The result was a surprisingly seductive grassroots production -- people who started out looking like you and I, gradually doing things that you and I couldn't do with two more legs and a sledgehammer. In one segment, a forty-year-old mother of three whipped out a set of pull-ups, nary a love handle in sight. In another, Daikeler himself appeared shirtless, mugging for the camera. "Why didn't I have this body in high school?" he asked breezily. "Do you know how much more fun it would have been?"
The emphasis in the infomercials, as on the BeachBody.com forums, and in the myriad YouTube testimonials posted by ecstatic users, is partly on the results but mostly on the process. Finishing the program seems to inspire unique pride and satisfaction. You conquer Insanity. Can you ever really say that about StairMaster?
As for my own experience with the program, well, so far it's left me in awe of what a body can accomplish when faced with a HD screen and a buff man screaming, "Jack it off!" I've always been naturally thin, but I've never been strong. Insanity changed that. A couple weeks ago I went rock climbing with friends, and for the first time I felt that I was in control of my movements. I could trust my arms and legs to go where I wanted them to go.

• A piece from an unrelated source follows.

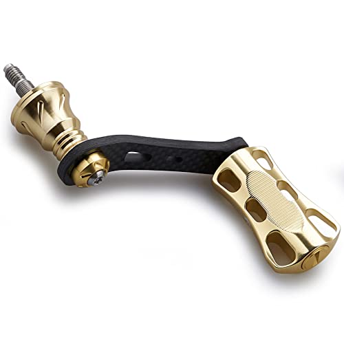 フィッシング・ゴールド ・・Color:ゴールド ・ライトゲーム 渓流釣り用1.5K炭素布のハンドルで更に強度アップ、22mm幅x11mm厚軽量ノブ搭載、全体的に軽量。 ・サイズハンドル軸心距離42mm、ノブ22mm幅x11mm厚 総重19gシマノ用/16.5gダイワ用素材ハンドル - 1.5K炭素布のカーボン、ノブ - 70シリーズ航空アルミ。 ・リールハンドル付属SHIMANO ソケット 1個、DAIWA ソケット 1個、梅レンチ1個。 ・適応機種SHIMANO、DAIWAのねじ込み式スピニングリールハンドルのに適用。 ・:60日間付属を除く保障付き、できます。リールハンドルの可能対応機種は以下の説明限りではありませんので、何か問題がございましたら、メールでご連絡おねがいいたします。

Of course, the price for strength is consistency. You'll find hundreds of accounts about Insanity online that all begin with "I never missed a day," and it's true: the program works best when you do the workouts on schedule. It also works best when you follow their diet plan, when you drink their recovery formula, when you sacrifice your first born to the God of Good Abs. What's less publicized is how effective it can be even when you slip up a little. Sometimes I'll miss a workout and that's okay. I'll gorge myself on my roommate's chocolate chip cookies just to rub it in and tomorrow pick up where I left off.